George Orwell would have cheered when the media blasted a secret plan for Big Brother to watch the Internet. The plan was titled FIDNet (Federal Intrusion Detection Network) and called on the FBI to monitor the information highway 24/7. But after a public interest group posted a copy of the scheme online earlier this month, the press descended and shredded it for threatening civil liberties. By the end of the news cycle, House Republicans had choked off FIDNet’s proposed funding supply, although its supporters still hope to push the plan through.
What really outraged the Republicans was that they saw FIDNet as vintage Clinton
administration, another attack on freedom by Big Government Democrats. The press also
described FIDNet as a White House project. But FIDNet was actually cooked up by civil servants and government lifers in the National Security Council. “It was done by staffers,” says Mark Montgomery, director of transnational threats for the NSC. In fact, Clinton had never approved of FIDNet’s existence, according to those who worked on it. “This is just a good government practice to protect federal computer systems against malicious activity,” Montgomery says. Nevertheless, everyone blamed the man in the Oval Office, which made for easy headlines but missed the real lesson of FIDNet.
The truly scary thing about the program was that it arose out of the bowels of the
government as a matter of course— that for the staffers at the NSC, spying on the Internet seems natural. And that speaks volumes about the state of our surveillance society.

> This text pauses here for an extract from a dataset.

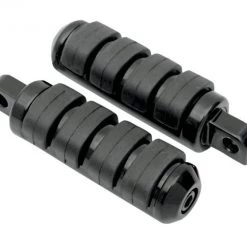 Heavy duty steel footpegs with durable rubber inserts built for comfort by isolating bike and road vibrations. The adjustable end allows the pegs to be rotated and then tightened in any direction.

How else to explain the draft proposal for FIDNet, which is long on authoritarian ambition and short on democratic restraint? The chutzpah of the document is startling, as it envisions thousands of software programs spying on key parts of the Web, including all government sites and those of most banks, telcos, and transportation companies. The language of the FIDNet proposal is ominous: “the collection of certain data identified as anomalous activity or a suspicious event would not be considered a privacy issue.” Yet there is no explanation of what constitutes “anomalous activity” or a “suspicious event.”
FIDNet’s authors could be so bold because officials at agencies like the NSC and FBI now consider monitoring the normal procedure for bureaucratic expansion. So it became doubly strange when the story morphed into nothing more than a tale of the Clinton administration’s latest follies. Early in the news coverage Representative Bob Barr summed up the mood on the Hill when he said, “The Clinton administration has made this mistake before.” Barr was referring to the “Know Your Customer” campaign by the Federal Deposit Insurance Corporation (FDIC), which would have required banks to report “unusual transactions” to the government. That plan also originated at the agency level.
“It’s tempting to go after the Dems [for this],” says Marc Rotenberg, director of the Electronic Privacy Information Center (EPIC). “But the problems with FIDNet reveal much deeper characteristics of the national security state that have little to do with the party that happens to be in the White House.” Indeed, analysts at the Center for Democracy and Technology (CDT), the online outlet that broke the FIDNet story, concur with Rotenberg’s assessment. “The
Clinton administration has a poor record on
civil liberties, especially when asserted law
enforcement or national security interests are at stake,” says James X. Dempsey, CDT’s senior staff counsel. “But neither George Bush nor Bob Dole would have been any better.”
Government watchdog groups like the CDT are eager to argue that FIDNet would not have served its purpose, even if it had been implemented. The surveillance net was supposed to keep key institutions safe from organized attacks. But in the private sector, it would work only if companies were willing to share their security protocols with the government. “It is not likely that the private sector will voluntarily participate in FIDNet or other critical infrastructure protection measures that originate with the government,” explains Dempsey. “[They] believe they are in a better position than the government to evaluate risks and prioritize protective and mitigative measures. FIDNet is not primarily about protection— it is about intelligence gathering.”
Fortunately, the Internet does not depend on schemes like FIDNet for its security. Just hours after the plan was leaked, the geeks at Slashdot.org had posted dozens of ways that FIDNet could be defeated, including a program that would automatically set off an endless
cycle of false alarms and drive the listening spooks crazy.